NASA TechLeap Prize: Robotically Manipulated Payload Challenge
Funds developers of payloads that can be manipulated by a robotic arm in low Earth orbit with cash prizes and a hosted orbital flight test.
The Robotically Manipulated Payload Challenge (RMPC) is the fifth challenge in the NASA TechLeap Prize series, run by NASA's Flight Opportunities program within the Space Technology Mission Directorate (STMD). It is structured as a prize competition, not a grant or cooperative agreement. Congress authorized NASA to use prize authority under the America COMPETES Act to run these challenges.
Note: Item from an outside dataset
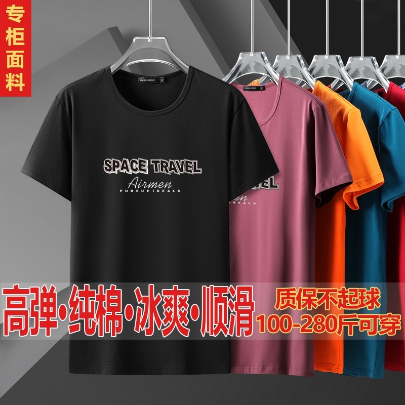 加肥加大码男短袖t恤 宽松纯棉弹力半袖肥佬胖子潮牌体恤打底衫夏

Up to three winners each receive up to $500,000 in cash prizes, for a maximum total prize pool of $1,500,000. In addition, NASA provides each winner a hosted orbital flight test at no additional cost, allowing their payload to interact with a robotic arm already in low Earth orbit. The payloads will fly aboard a spacecraft that rendezvous with the Fly Foundational Robots (FFR) platform, which is expected to launch in late 2027; TechLeap payloads are slated to launch in early 2028.
The challenge is open to qualified commercial businesses, academic institutions, entrepreneurs, and other innovators — no US-only restriction is stated in the program description. For-profit companies can apply directly. There is no stated revenue cap, team-size limit, or company-age requirement. Applicants must propose a payload capable of being manipulated by a robotic arm in low Earth orbit and develop it to flight-ready status if selected.
The application is submitted at rmpc.awardsplatform.com. Phase 1 registration closes July 29, 2026; Phase 1 submissions close August 12, 2026. Phase 1 winners are announced in September 2026. The challenge then continues with Phase 2 (December 2026) and Phase 3 (May 2027) milestones before the flight campaign in 2028.
Applicants should note this is a prize competition, not a research grant — deliverables are flight-ready hardware, not a research report. The flight test opportunity is contingent on winning and completing all phases. No cost-share requirement is stated.
In-space servicing, assembly, and manufacturing (ISAM); robotic arm interaction; orbital payload development; low Earth orbit demonstrations.